HAMAS, which is contesting the election for the first time, had made a strong showing in three earlier rounds of local voting.

About 148,000 Palestinians were eligible to vote for 414 local council seats in the West Bank. Thursday’s final round of local election was seen as a rehearsal for next month’s poll

Final results are expected tomorrow.

  • Fatah's splits

HAMAS' spokesman Sami Abu Zuhri said its victory in the West Bank indicated "that our people are united behind the choice of reform and change and united behind resistance."

On the other hand, Fatah official Ziad Abu Ein, blamed the municipal election defeat on the leadership’s failure to select popular candidates. "We are extremely worried," he said, according to Reuters.

Fatah’s divisions has grown since the ISRAELI WITHDRAWAL from the Gaza Strip in September.

"Fatah has two choices; either to regroup or to take steps to sabotage the PLC elections. Otherwise they will risk Hamas controlling the PLC," said Palestinian commentator Ali Jarbawi.

Meanwhile, Israeli officials warned that the peace process will end if HAMAS becomes a dominant political party.

"If HAMAS were ever to dominate Palestinian politics, that would mean the end of the peace process," Reuters quoted Israeli Foreign Ministry spokesman Mark Regev as saying.

In another development, Israel launched another round of air strikes on the Gaza Strip late Thursday, wounding two Palestinians, medics said, according to BBC.

Reports say Palestinian fighters responded to the Israeli attacks by firing Qassam rockets into Israel. No casualties were reported.
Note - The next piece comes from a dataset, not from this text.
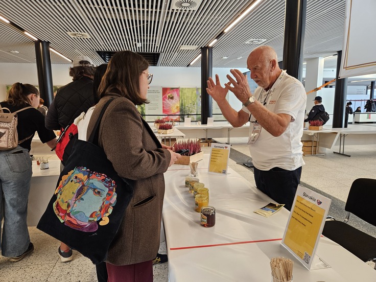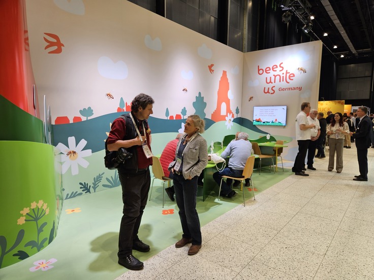 Am Kongress nahmen über 8.000 Besucherinnen und Besucher aus mehr als 124 Ländern teil. Die Ausstellung umfasste 216 Stände – und mittendrin unser Stand unter dem Motto „Germany – Bees unite us“, bewusst ohne die Logos der beiden Verbände.

Israel has stepped up its military operations against Palestinian resistance fighters since the Islamic Jihad claimed responsibility for a bomb attack in the coastal city of Netanya earlier this month.

As part of its response to the Netanya attack, Israel also delayed the implementation of an agreement that will allow Palestinian bus convoys between Gaza and the West Bank.

Under pressure from the United States and the European Union, Israeli Defense Minister Shaul Mofaz has agreed to resume talks on the bus service, but said that he will not let it begin until his concerns about security have been addressed.

Palestinian negotiator Saeb Erekat slammed the Israeli decision on Thursday, describing it as a "flagrant violation" of the agreement.

The bus agreement was borkered last month by the U.S. Secretary of State Condoleezza Rice. The deal would have greatly improved Palestinian freedom of movement as the first link-up between Gaza and the West Bank.